PK-232 Checkout & Alignment

I acquired an old AEA PK-232MBX controller for amateur radio digital communication. I already have a more modern Raspberry Pi running Direwolf, but the prospect of creating a 1980s/1990s vintage station with an Apple II is irrationally appealing. The opportunity to combine two hobbies, amateur radio and retro computing, is interesting.

I purchased my PK-232 untested from eBay. While it appears in good physical condition, I started with the loopback test from section 2.5 of the manual. After passing that, I moved on to the alignment procedure in Chapter 6 of the service manual. Although written for a slightly older PK-232 revision, the alignment procedure remains applicable. The alignment procedure is mostly straightforward, but I found two points confusing.

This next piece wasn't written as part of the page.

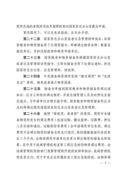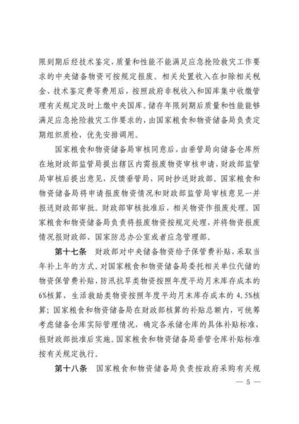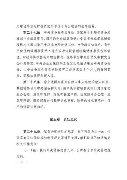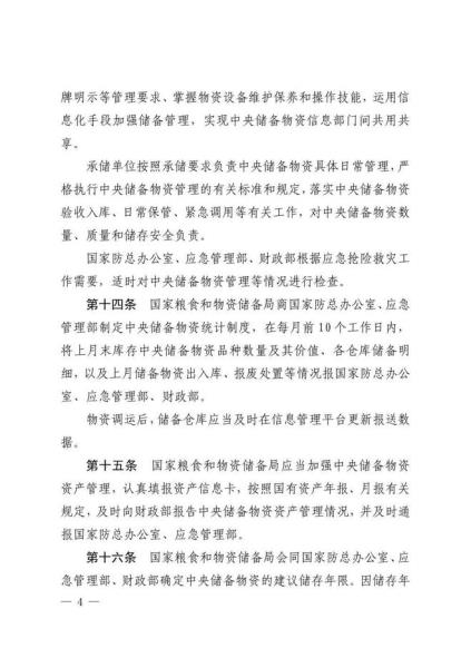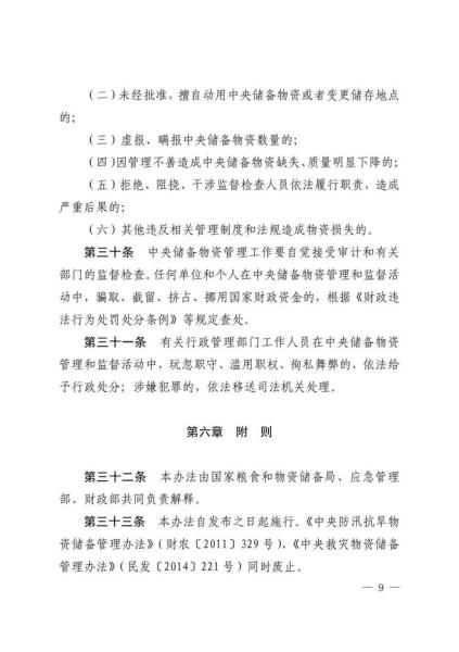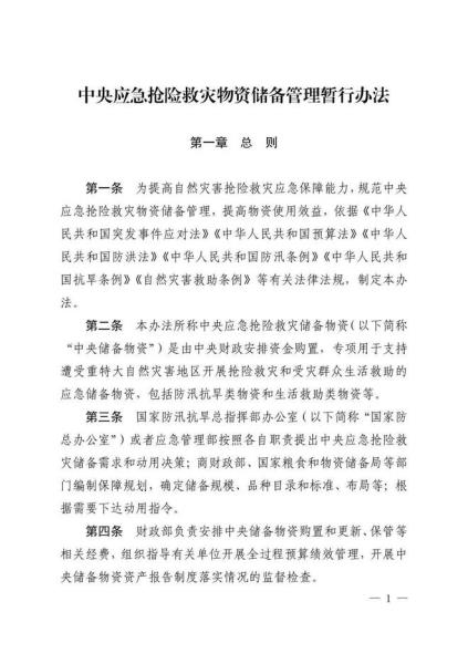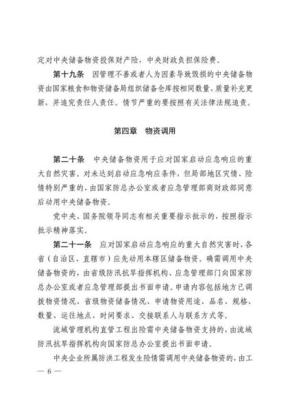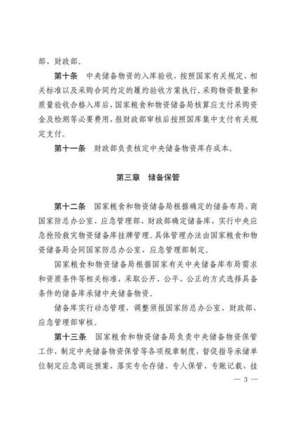 日前,国家粮食和物资储备局、应急管理部、财政部联合印发《中央应急抢险救灾物资储备管理暂行办法》。《暂行办法》共6章33条,分章对各方职责、储备购置、储备保管、物资调用、监督检查、责任追究等作了规定。

First, the procedure references the R160/C59 junction test point. The silk screen label for R160 is underneath the resistor and impossible to read. The scanned service manual does contain the board layout identifying components, but that diagram is out-of-order in the scan. The diagram is actually stuck in “Appendix D – Waveforms”. Of course, I found that after locating the test point through trial and error.

PK-232MBX PCB
PK-232MBX circuit board, showing oscilloscope probe connected to R160/C59 junction

Second, the “AFSK null adjustment” (Step 12 in Section 6.2.1) didn’t make sense. No matter the adjustment, I observed no change in the signal. The procedure made a bit more sense after reading the Heathkit HK-232 user manual. The HK-232 is essentially a kit version of the PK-232, so design and operation is identical. To complete this adjustment, exit “CAL” mode with the “Q” command. With the oscilloscope connected to the R160/C59 junction, adjust the oscilloscope vertical scale to show the noise. Then adjust R157 to minimize the amplitude of the noise. The range of adjustment is very small and changes in the noise amplitude are barely noticeable. R157 sets the “tone generator off” output level.

Receiving packets!

In the end, the PK-232 works, and I’m able to transmit and receive packets. Unfortunately, there isn’t much packet activity nearby, and I’m unsure what’s next for the unit. I’m not done with packet yet, and I look forward to trying a better VHF/UHF antenna and HF operation.